First-Line Treatment for Uncomplicated H. pylori Infection
Bismuth quadruple therapy for 14 days is the definitive first-line treatment for uncomplicated H. pylori infection in adults without known drug allergies, consisting of a high-dose PPI twice daily, bismuth subsalicylate, metronidazole, and tetracycline. 1, 2, 3
Recommended Regimen Components
The standard bismuth quadruple therapy regimen includes:
- High-dose PPI twice daily (esomeprazole or rabeprazole 40 mg preferred, taken 30 minutes before meals) 1, 2
- Bismuth subsalicylate 262 mg (two tablets) four times daily 1
- Metronidazole 500 mg three to four times daily (total 1.5-2 g daily) 1, 2
- Tetracycline 500 mg four times daily 1, 2, 3
- Duration: 14 days mandatory 1, 2, 4, 3
Why Bismuth Quadruple Therapy Is Preferred
This regimen achieves 80-90% eradication rates even in areas with high clarithromycin and metronidazole resistance, which now exceeds 15-20% in most of North America and Europe 1, 2. Clarithromycin resistance has increased globally from 9% in 1998 to 17.6% in 2008-2009, making traditional triple therapy achieve only 70% eradication rates in many regions 1, 2.
Bismuth has no described bacterial resistance, and its synergistic effect with other antibiotics overcomes metronidazole resistance in vitro 1, 2. This makes bismuth quadruple therapy effective even against strains with dual resistance to clarithromycin and metronidazole 1.
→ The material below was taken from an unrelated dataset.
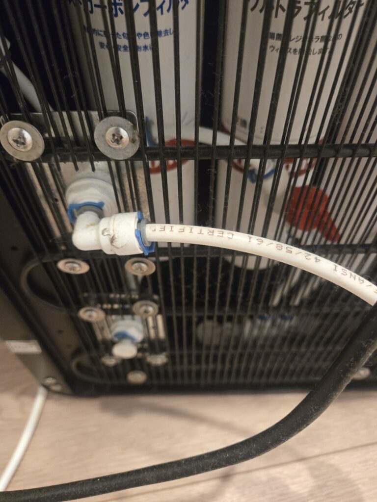 冷蔵庫からも後ろを通って、ウォーターサーバーとつなげてます。ざっくり言えばUの逆みたいな感じでぐるりと繋いだ形です。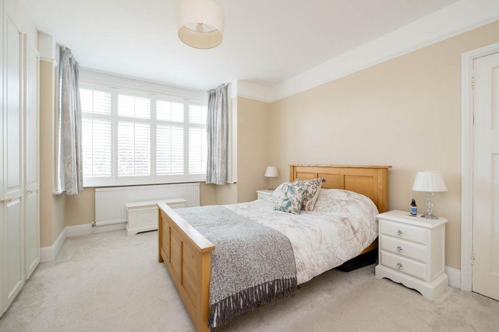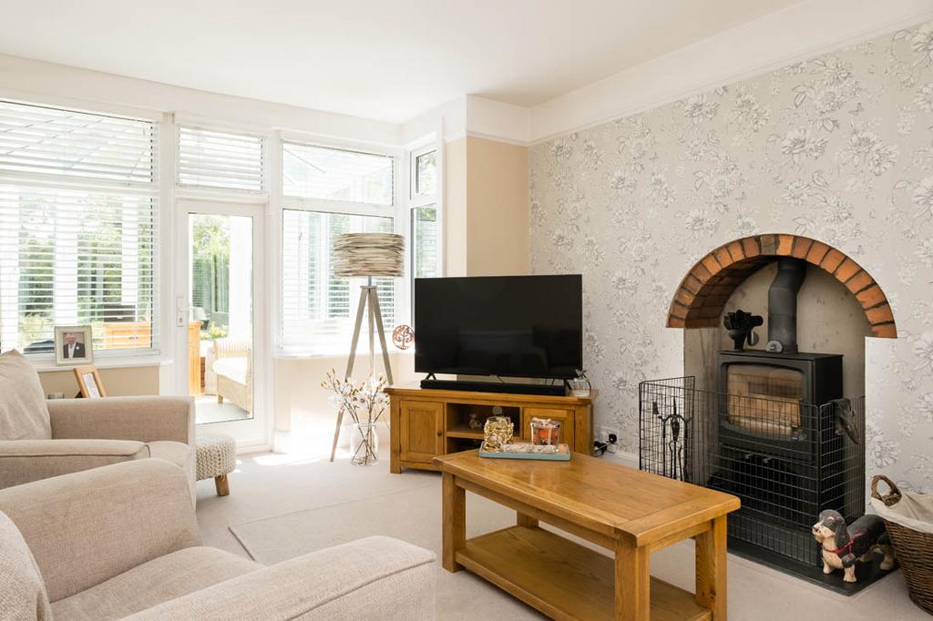 On the ground floor there are five spacious reception rooms. The first to the right is a grand sitting room, currently used as a play room/ additional bedroom. This room is dual aspect and has an attractive square bay window to the front elevation. Behind this is the main living room, with a pretty, decorative arched brick fireplace housing a wood-burning stove: a cosy feature to enjoy on winter evenings. From here, a glazed door leads into the sun room, with wrap-around views of the garden. A further set of French doors lead out to the patio.

Critical Optimization Factors
High-dose PPI dosing is mandatory because it increases eradication efficacy by 6-10% compared to standard dosing 1, 2. Esomeprazole or rabeprazole 40 mg twice daily increases cure rates by an additional 8-12% compared to other PPIs 1, 2.
The 14-day duration improves eradication success by approximately 5% compared to 7-10 day regimens 1, 2, 4. All major guidelines (Toronto Consensus, Maastricht V/Florence, American College of Gastroenterology) mandate 14 days as the standard of care 1, 4, 3.
Alternative First-Line Option (Restricted Use)
Concomitant non-bismuth quadruple therapy may be considered only when bismuth is unavailable AND local clarithromycin resistance is documented below 15%:
- High-dose PPI twice daily + amoxicillin 1000 mg twice daily + clarithromycin 500 mg twice daily + metronidazole 500 mg twice daily for 14 days 1, 2
However, this regimen should NOT be used empirically in most North American settings where clarithromycin resistance exceeds 15% 1, 2.
Verification of Eradication
Confirm eradication with urea breath test or monoclonal stool antigen test at least 4 weeks after completion of therapy and at least 2 weeks after PPI discontinuation 5, 1, 2, 3. Never use serology to confirm eradication, as antibodies persist long after successful treatment 5, 2.
Common Pitfalls to Avoid
Never use standard once-daily PPI dosing—this is a major cause of treatment failure 1. Always use twice-daily dosing 1, 2.
Avoid pantoprazole because 40 mg provides acid-suppression equivalent to only 9 mg of omeprazole, leading to inferior outcomes 1.
Do not shorten therapy below 14 days, as this reduces eradication success 1, 2, 4.
Never substitute doxycycline for tetracycline, as it yields significantly inferior eradication rates 1.
Special Population: Penicillin Allergy
Bismuth quadruple therapy is the ideal first choice for patients with penicillin allergy because it contains tetracycline rather than amoxicillin 1, 6. However, consider penicillin allergy testing after treatment failure, as most patients who report penicillin allergy are found not to have a true allergy 1.